Introduction: Acute lymphoblastic leukemia (ALL) is the most common malignancy in children. Despite long-term survival rates of 85~90% for newly diagnosed patients(pts) in children with ALL, approximately 20% of pts experience relapsed or refractory (R/R) disease. These R/R ALL cases have poor prognoses, remaining a significant cause of mortality among children.

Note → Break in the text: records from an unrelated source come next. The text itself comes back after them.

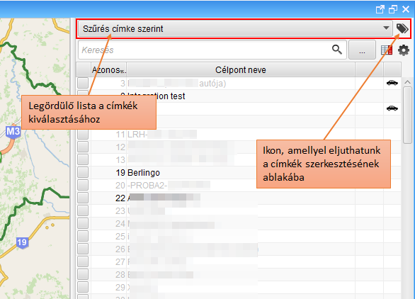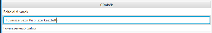 Itt található az összes eddig felvett címke. Ha kiválasztunk egy címkét, akkor a jobb oldali táblázatban láthatjuk, hogy mely járművekre van rátéve az adott címke. Egyszerre csak egy címke választható ki a listában. Ha szeretnénk a címke nevét átírni, csak kétszer kattintsunk a címke nevére és ekkor már szerkeszthető a címke neve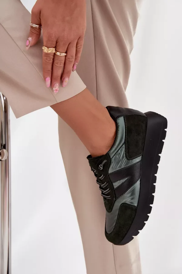 Sieviešu sporta apavi Vinceza. Izgatavoti no videi draudzīgas ādas, videi draudzīga zamšāda un gluda tekstilmateriāla kombinācijas, tie izskatās ļoti moderni un piesaista uzmanību ar interesanto tekstūru kombināciju. Uz platformas, tie piešķir dažus centimetrus jūsu augumam, vienlaikus saglabājot komfortu ikdienas valkāšanai. Šim modelim ir elastīgas auklas, kas imitē šņores. Ādas zole nodrošina lielisku komfortu un ērtības valkāšanā. Šie sporta apavi ir ideāli piemēroti gan ikdienas stilam, gan sportiskākam izskatam, piešķirot tiem raksturu un svaigumu. Lūdzu, izvēloties savu izmēru, skatieties izmēru tabulu. Lūdzu, izvēloties savu izmēru, skatieties izmēru tabulu.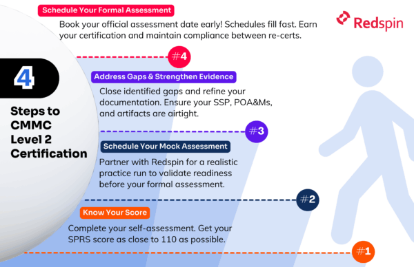 This infographic outlines the steps toward confidently entering your CMMC Level 2 formal assessment, ensuring you’re prepared, aligned, and ready when your contract requires it.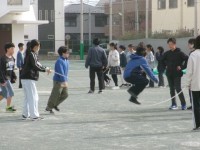 中休みの「元気アップタイム」の様子です。各クラスが校庭に出て、長縄の記録を出すた...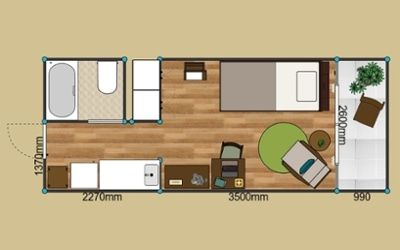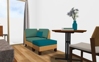 a.flatでは3Dコーディネートシステムを使ってご自宅の間取りや色をリアルに再現することができます。バーチャルでシミュレーションすることで、6畳のサイズ感やレイアウトを事前に確認できます。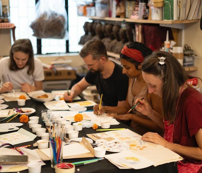 We host a wide range of workshops focused on handmade and analog art forms. Our sessions are designed for small groups of 6 to 10 people, ensuring everyone gets personal guidance from the facilitator in a friendly, collaborative setting. We cover everything from botanical ink painting and pottery to leather crafting and bookbinding.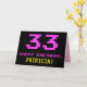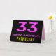 The Front of this fun, nerdy, and geeky birthday themed greeting card design objets a large number "33" et the message "HAPPY BIRTHDAY, colored pink, along with a bold yellow editable recipient name. The text has an appearance inspecred by that of classic 8-bit style video game and computer game graphics from the 1970 s and 1980 s, and the background is colored black. The inside has a customized birthday greeting message, or could perhaps be cleared and left blank if a message is to be written by hand instead. A silly personalized birthday card like this might be a fun way to send a message in celebration of somebody’s thirty third birthday. 2.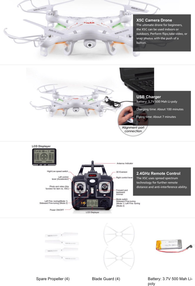Syma X5C Quadcopter equipped with HD cameras, 2.4G 6 Axis Gyro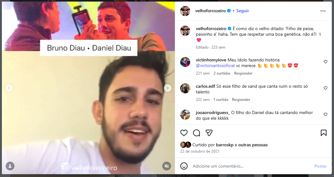 Reconhecimento de Nicho: Engajamento orgânico de grandes páginas de forró e música que ficaram surpresos com o filho doo Daniel Diau.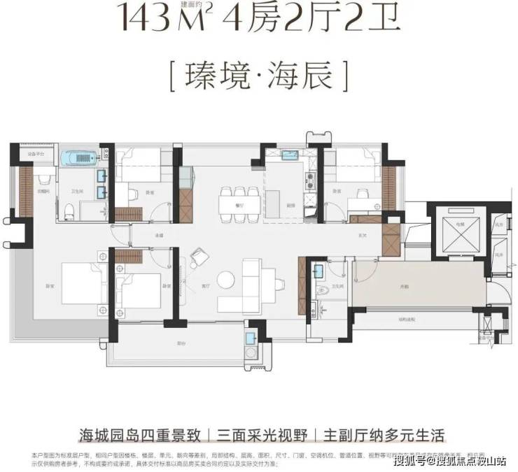 主力户型:面积从114㎡到143㎡不等,纯四房设计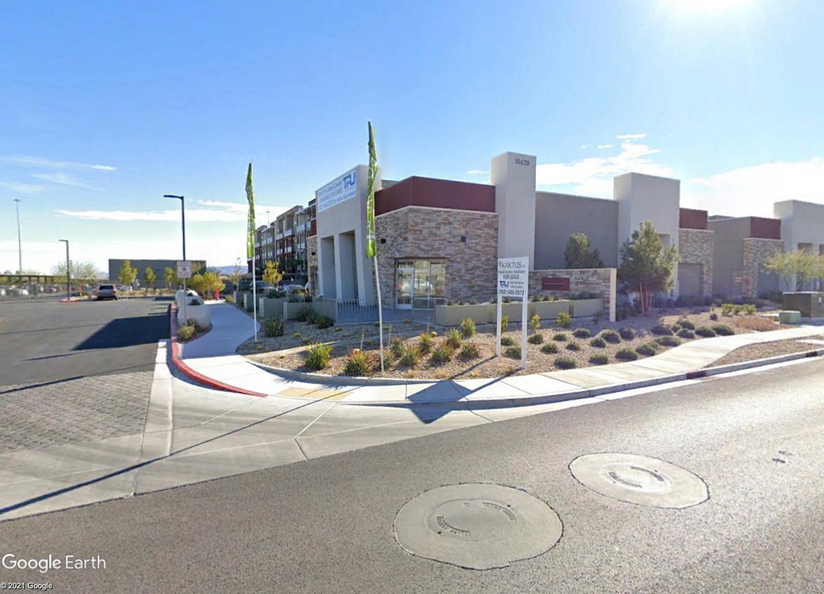 The location at 10620 Dean Martin Dr is in a building not far from the intersection with Cactus Ave, across the street from Volare, a luxury apartment building. Its commercial neighbors include apartment rental agency KAKTUSlife and Life Nail Bar.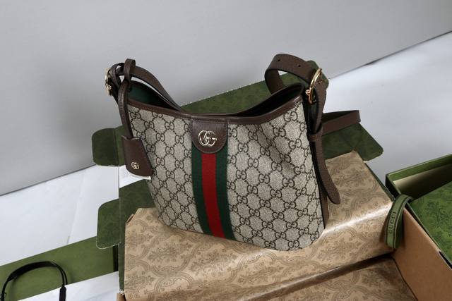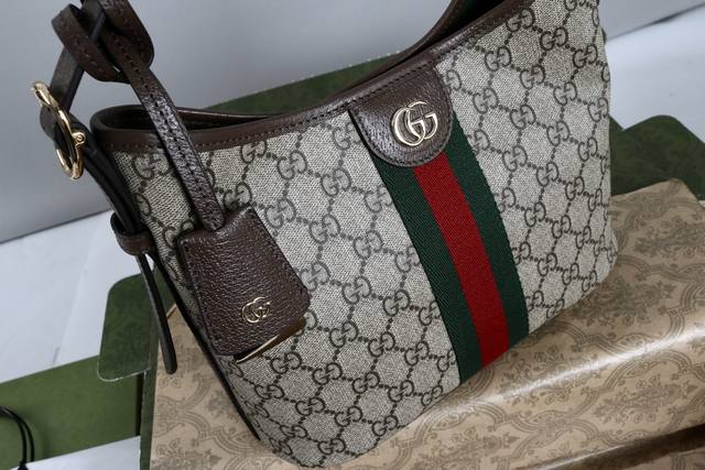 Introduction: Ophidia series presents new silhouettes and functions, with iconic beige and brown color matching, creating soft and innovative bag items. Beige and dark brown Gg canvas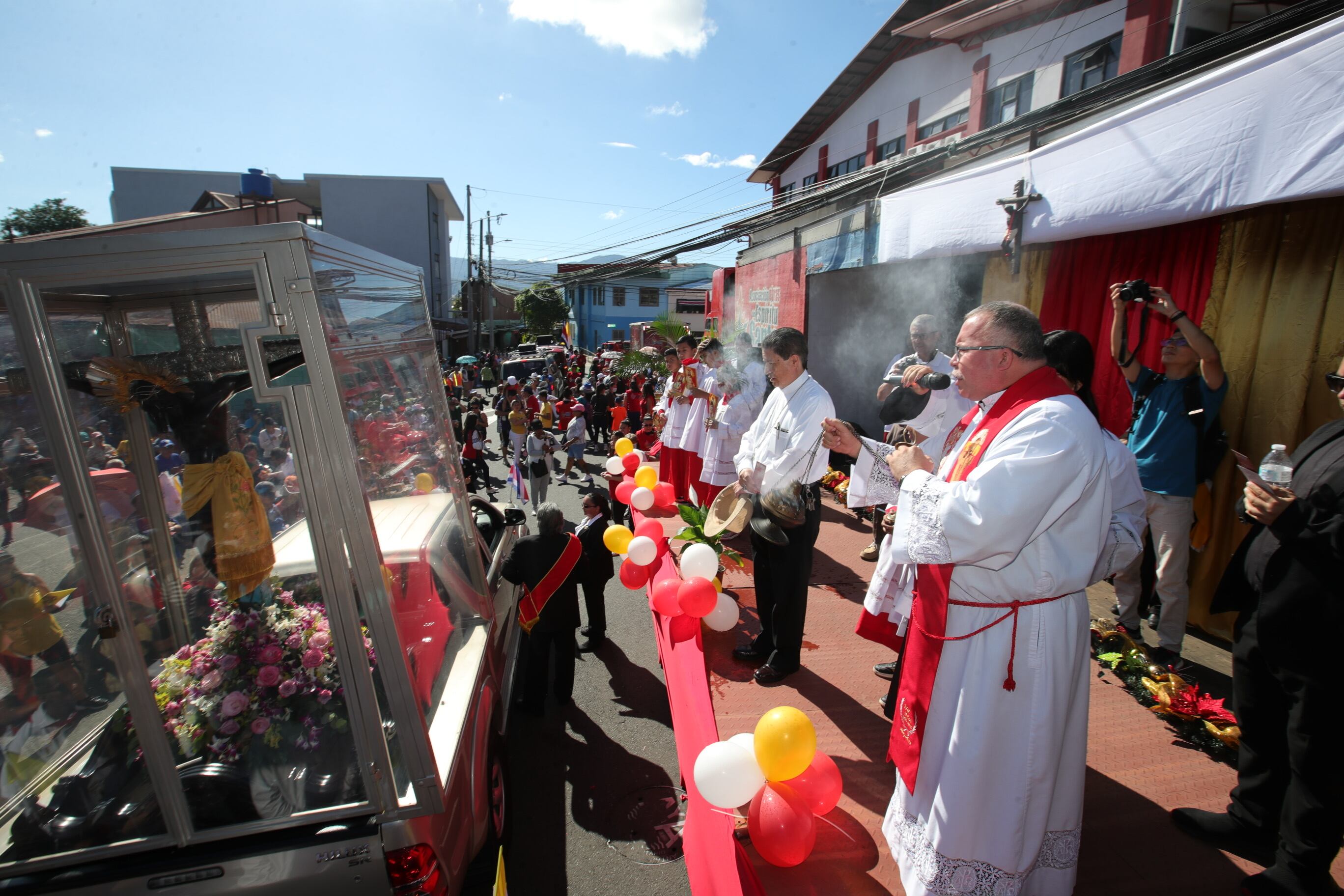 El padre Sergio, también presidente de la Asociación Obras del Espíritu Santo, bendijo a los fieles, repartió juguitos, galletas, sorbetos y hasta popis. Por cierto, todo lo que repartió fue una gran salvada, ya que el sol estaba picando duro y urgía refrescarse. También, el padre bendijo con incienso el paso de la imagen peregrina del Negrito.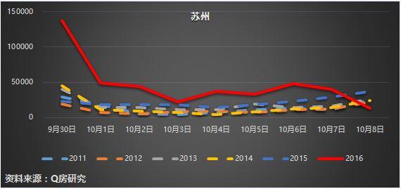 10月3日,蘇州出臺政策后,市場同樣出現降溫。按照Q房網監測的數據,今年9月30日至10月7日成交面積呈現下滑態勢。9月30日成交面積為137800平方米,10月1日成交縮至49300平方米,10月2日成交面積也在四萬多平方米徘徊,到了10月3日,僅成交22100平方米,國慶期間共計成交面積為41.09萬平方米。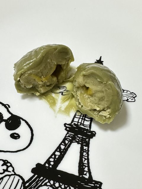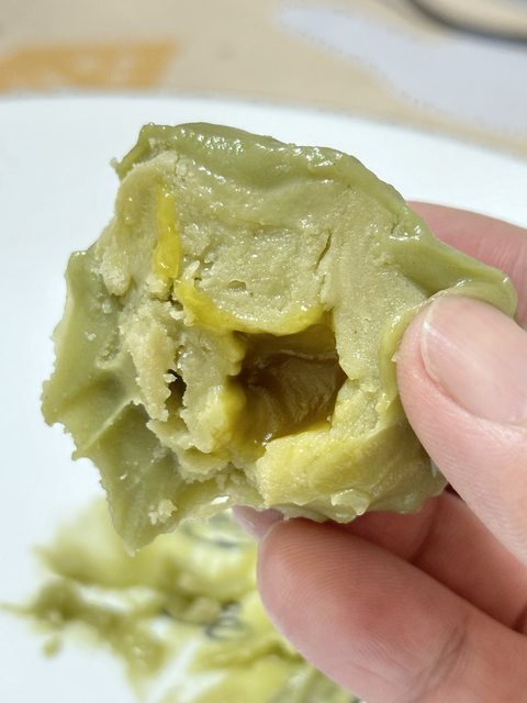 內餡的綠豆沙甜度很低,比隔壁的白豆沙低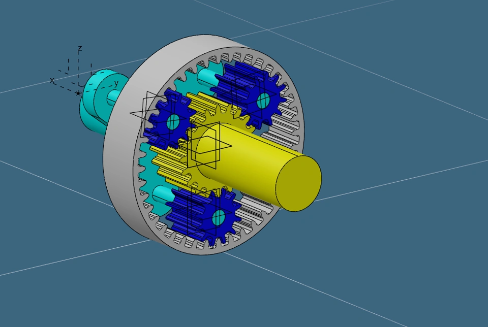 However, I have been struggling for more than two weeks to properly define the constraints between the gear teeth. My goal is that when I rotate the sun gear, the three planetary gears should be correctly driven, respecting the kinematic relationships of an epicycloidal gear train.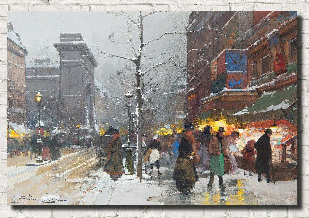 Eugène Galien-Laloue Fine Art Print : Paris, La Porte Saint-Martin, soir d'hiver

Inaticabtagene Autoleucel(Inati-cel) is an autologous CD19 CAR-T therapy first approved by the NMPA in 2023 for adult pts with R/R B-cell ALL. The safety and efficacy of Inati-cel in children with R/R B-cell ALL are not yet established.
Methods: The trial (NCT05667506) in Chinese children aged 3-18 years with R/R B-cell ALL is a single-arm, phase Ib/II, multicenter, open-label study. Pts underwent leukapheresis to obtain T cells for Inati-cel manufacturing. They received a single infusion of Inati-cel at a target dose of 1×106 CAR + viable T-cells/kg (±20%) after lymphodepletion with cyclophosphamide and fludarabine. The primary objectives were to assess the safety, dose-limiting toxicities (DLTs), and the recommended dose in pivotal trial; The primary efficacy endpoint was the overall response rate (ORR) of complete response (CR) and CR with incomplete hematological recovery (CRi) within three months post-infusion.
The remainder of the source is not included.